The musical is a crazy comedy set in Roman occupied Britain in 84AD when the country was ruled by Gaius Julius Agricola who, as history relates, was a huge admirer of Britannia, and was much loved by the people.
As is popularly acknowledged, the Romans were famously brilliant at building roads and the show is centred around the ceremonial opening of the fine new chariotway, the C VI, which Agricola has just (very nearly) completed, linking Rome with Carlisle.
The story, featuring lots of lovely songs but with a plot far too silly to outline here, concerns complications which arise when the Minister of Transport, Conkus Maximus by name, arrives from Rome to snip the ribbon and open the road.

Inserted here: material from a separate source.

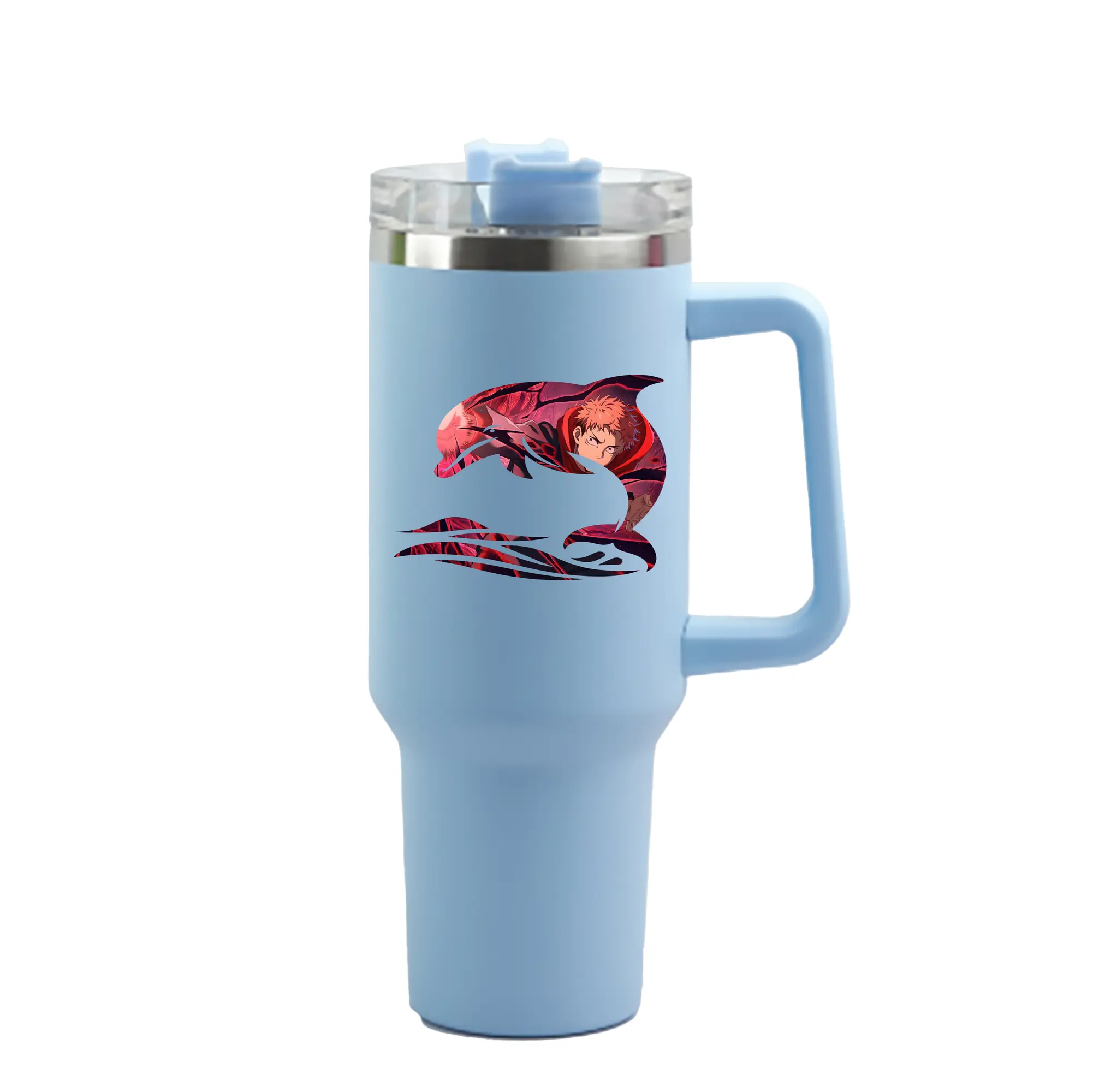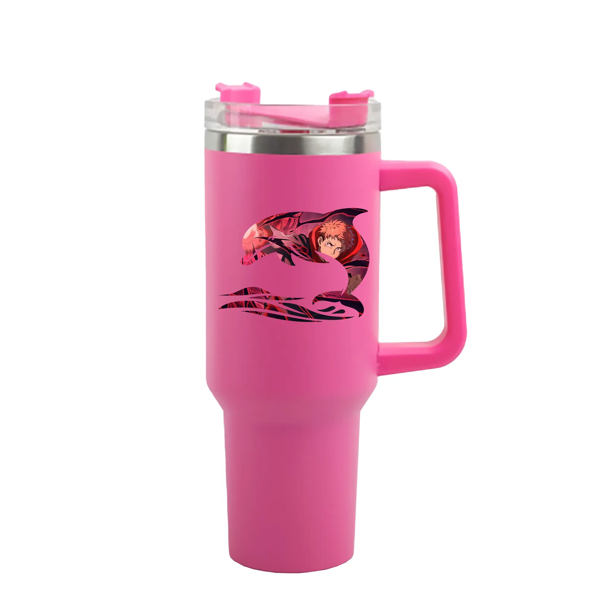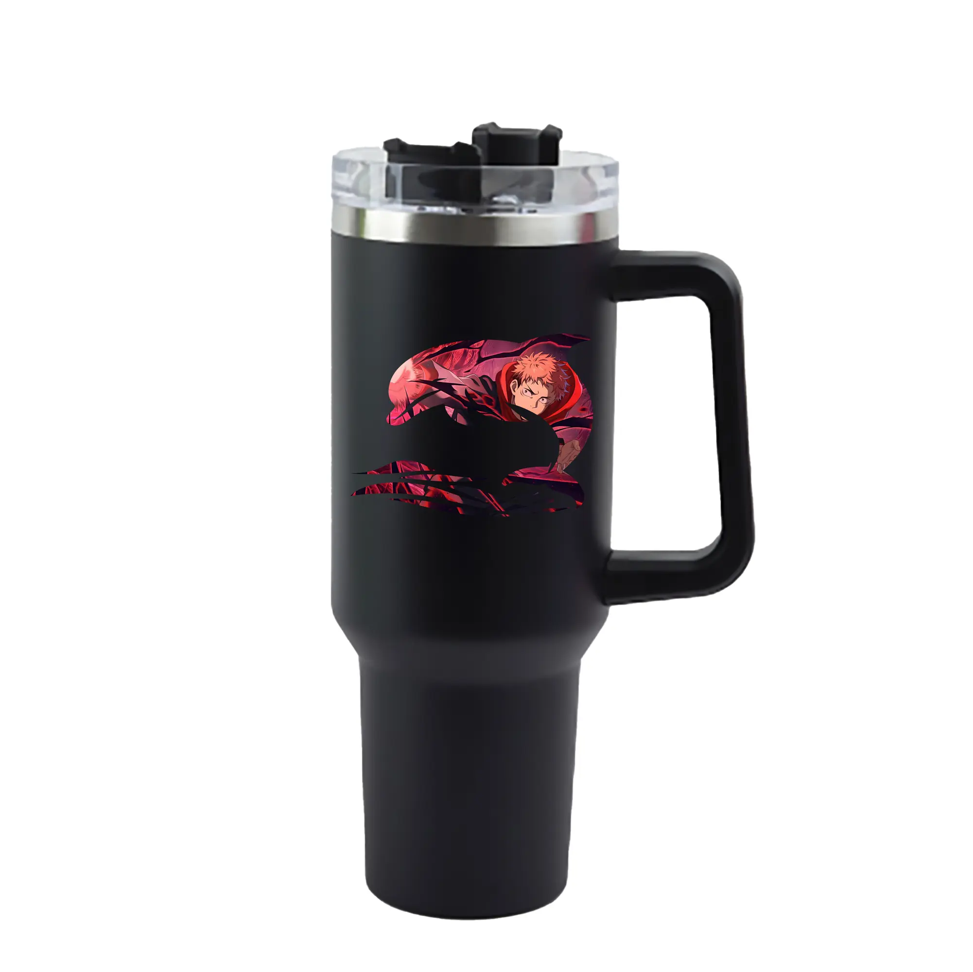 呪術廻戦 グッズ,虎杖 悠仁 - 1200mL 車用タンブラー ・ クリスタルステッカー ・ 304ステンレス 内側 ・ 201ステンレス 外側 ・ 保温 保冷 ・ ハンドル&ストロー付き ・ 通勤 ドライブ アウトドア用

The "hilarius" list of characters who are mixed up in the fun includes a troupe of Lancastrian clog-dancers, two evil Roman tribunes called Parsimonius and Acrimonius, a massive bulldozer (the "Taurus-Soporens"), the wonderfully varied and characterful inmates of a local pub called The Roman's Return which is run by Jack and Annie Walker and their beautiful daughter Gracie - and many kilos of slippery Lancastrian tripe.
Need we say more?
Commissioned from David Nield and Jeremy James Taylor by Granada Television, the musical won high praise from the critics when broadcast and a coveted Scotsman Fringe First Award at the Edinburgh Festival.